# YOUR GOAL
Pictures in the entries below are excluded; copy only the lines from the one containing "机械公司教职工足球队身着粉红" to the one containing "パナソニック PA-P80U7HNCX 業務用エアコン", both included.

# MATERIAL SUPPLIED

○ ○ ○

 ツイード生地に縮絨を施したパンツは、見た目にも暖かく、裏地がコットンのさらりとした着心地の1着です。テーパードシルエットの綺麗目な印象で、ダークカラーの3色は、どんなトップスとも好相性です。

○ ○ ○

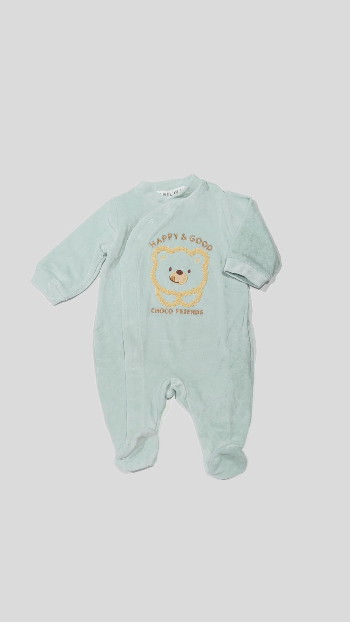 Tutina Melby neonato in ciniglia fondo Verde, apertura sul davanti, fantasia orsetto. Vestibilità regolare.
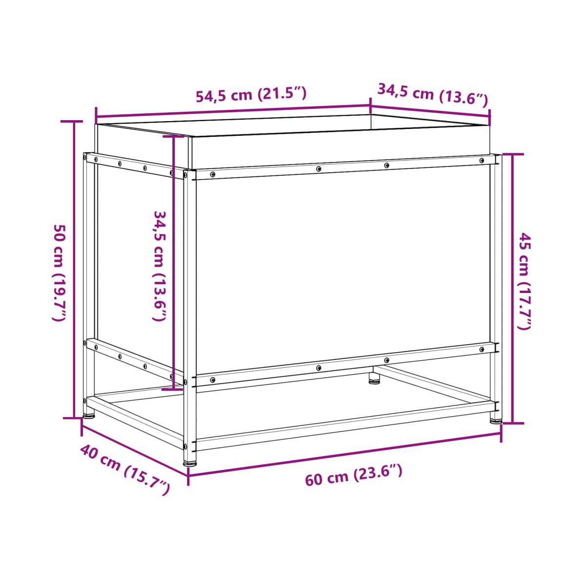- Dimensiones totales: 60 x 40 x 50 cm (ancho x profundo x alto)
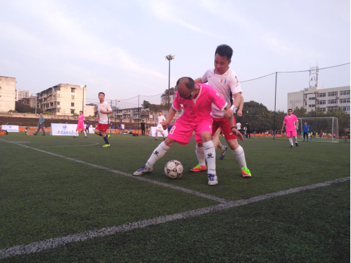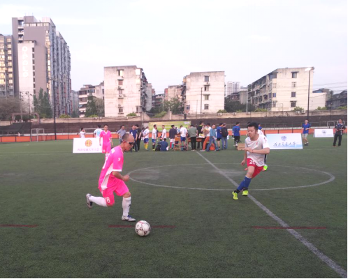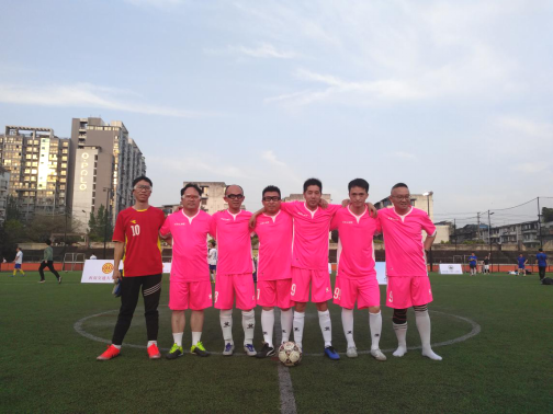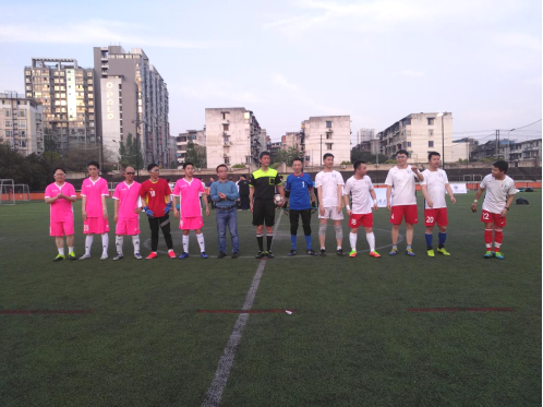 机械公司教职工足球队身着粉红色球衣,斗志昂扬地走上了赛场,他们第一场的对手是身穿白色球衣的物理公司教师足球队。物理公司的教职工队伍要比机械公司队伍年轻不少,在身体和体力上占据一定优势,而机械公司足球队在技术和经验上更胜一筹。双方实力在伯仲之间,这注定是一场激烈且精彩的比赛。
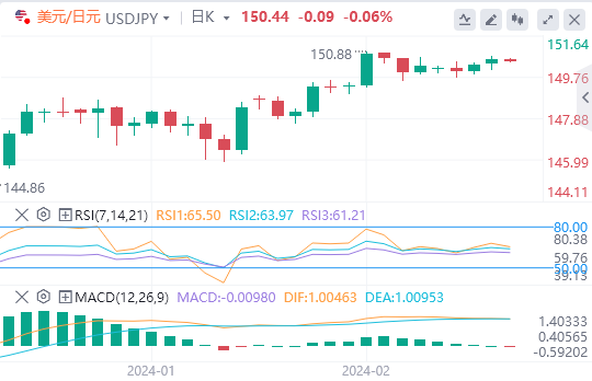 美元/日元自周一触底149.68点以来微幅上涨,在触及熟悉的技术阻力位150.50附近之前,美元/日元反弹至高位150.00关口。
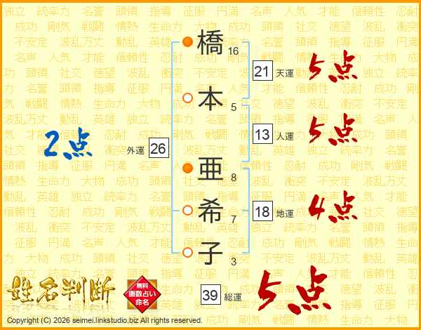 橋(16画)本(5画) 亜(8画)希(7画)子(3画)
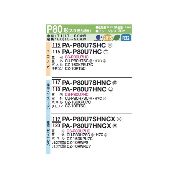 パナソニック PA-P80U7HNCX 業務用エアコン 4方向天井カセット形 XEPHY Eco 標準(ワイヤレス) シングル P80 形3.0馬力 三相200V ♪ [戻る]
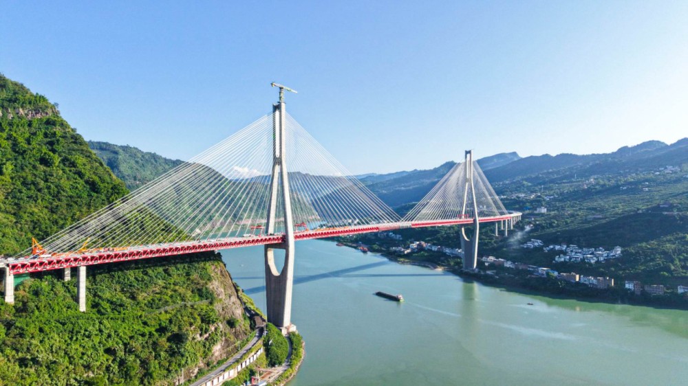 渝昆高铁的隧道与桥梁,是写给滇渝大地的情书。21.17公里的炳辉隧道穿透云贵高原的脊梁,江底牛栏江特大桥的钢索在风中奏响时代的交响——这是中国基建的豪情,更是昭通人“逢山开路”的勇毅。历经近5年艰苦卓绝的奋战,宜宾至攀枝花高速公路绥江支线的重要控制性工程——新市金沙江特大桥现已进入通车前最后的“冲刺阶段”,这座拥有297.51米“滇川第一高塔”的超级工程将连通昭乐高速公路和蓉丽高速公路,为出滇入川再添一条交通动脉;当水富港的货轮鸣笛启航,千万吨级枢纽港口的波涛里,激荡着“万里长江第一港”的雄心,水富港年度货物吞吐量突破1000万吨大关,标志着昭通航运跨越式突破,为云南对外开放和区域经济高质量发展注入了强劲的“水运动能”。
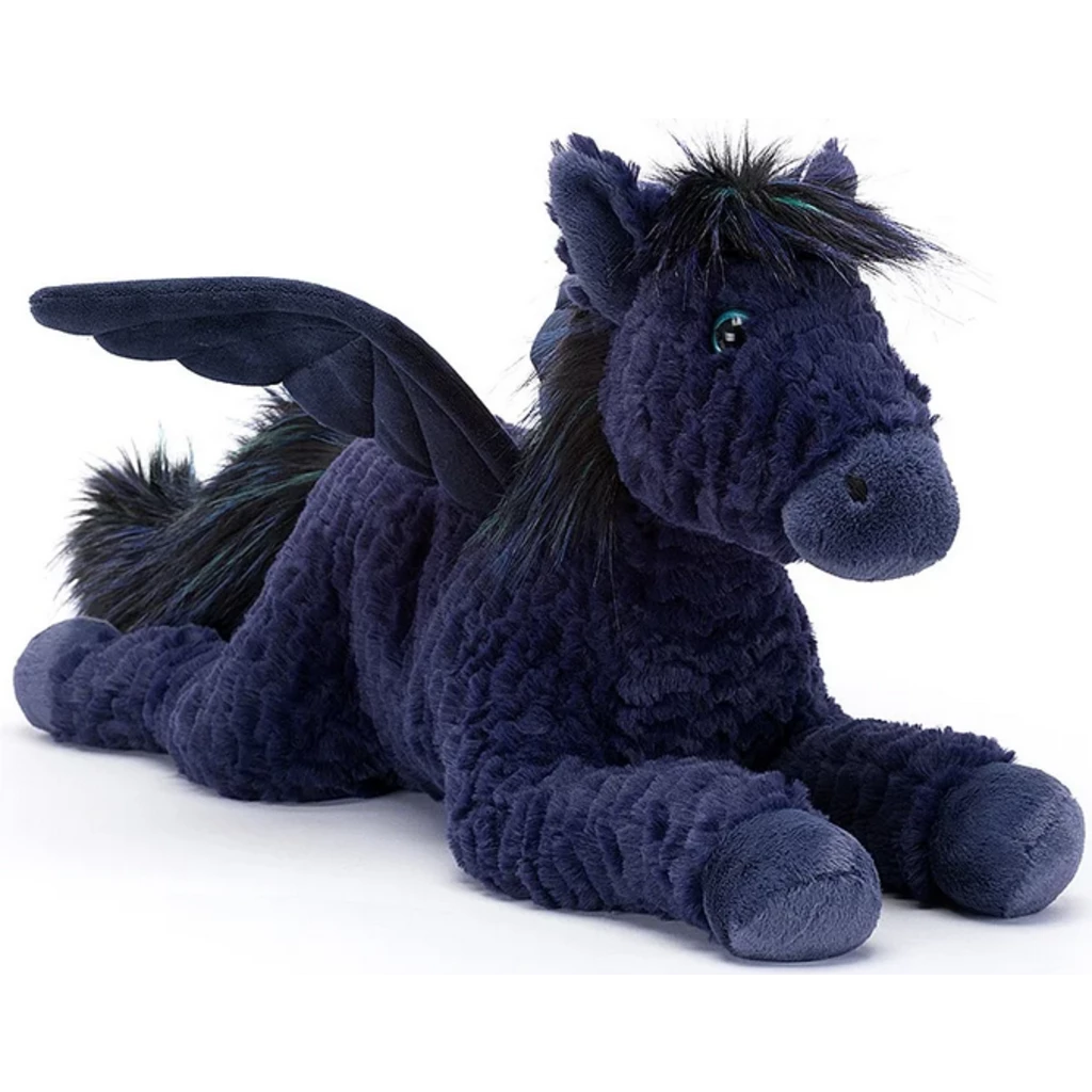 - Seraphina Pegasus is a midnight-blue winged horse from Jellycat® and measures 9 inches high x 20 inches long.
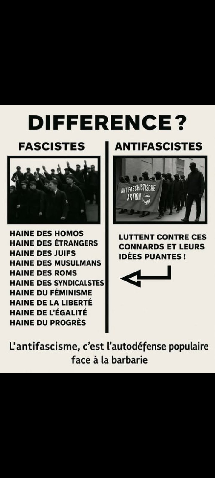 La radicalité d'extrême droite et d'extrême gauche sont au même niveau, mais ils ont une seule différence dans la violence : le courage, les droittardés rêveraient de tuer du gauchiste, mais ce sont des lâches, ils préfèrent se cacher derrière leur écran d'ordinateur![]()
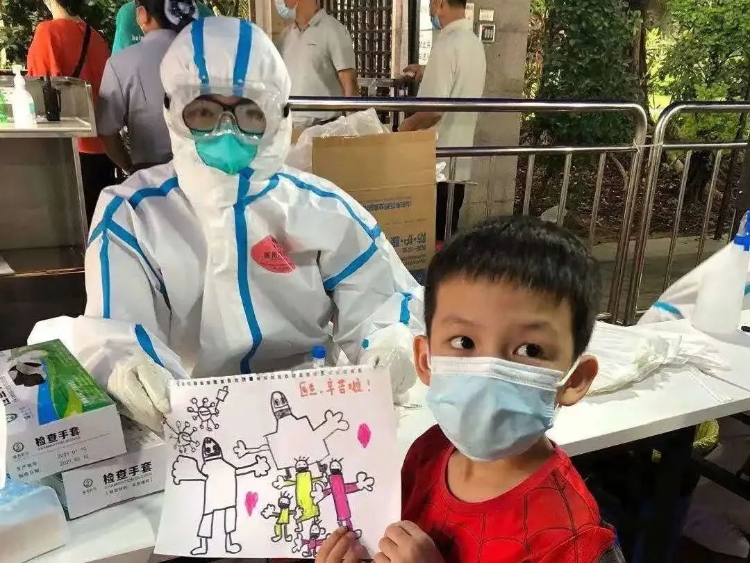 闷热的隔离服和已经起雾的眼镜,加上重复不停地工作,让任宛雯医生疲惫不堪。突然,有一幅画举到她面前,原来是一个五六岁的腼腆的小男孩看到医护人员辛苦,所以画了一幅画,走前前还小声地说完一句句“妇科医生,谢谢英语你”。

○ ○ ○

# SOLUTION TO THIS EXERCISE
 机械公司教职工足球队身着粉红色球衣,斗志昂扬地走上了赛场,他们第一场的对手是身穿白色球衣的物理公司教师足球队。物理公司的教职工队伍要比机械公司队伍年轻不少,在身体和体力上占据一定优势,而机械公司足球队在技术和经验上更胜一筹。双方实力在伯仲之间,这注定是一场激烈且精彩的比赛。
 美元/日元自周一触底149.68点以来微幅上涨,在触及熟悉的技术阻力位150.50附近之前,美元/日元反弹至高位150.00关口。
 橋(16画)本(5画) 亜(8画)希(7画)子(3画)
 パナソニック PA-P80U7HNCX 業務用エアコン 4方向天井カセット形 XEPHY Eco 標準(ワイヤレス) シングル P80 形3.0馬力 三相200V ♪ [戻る]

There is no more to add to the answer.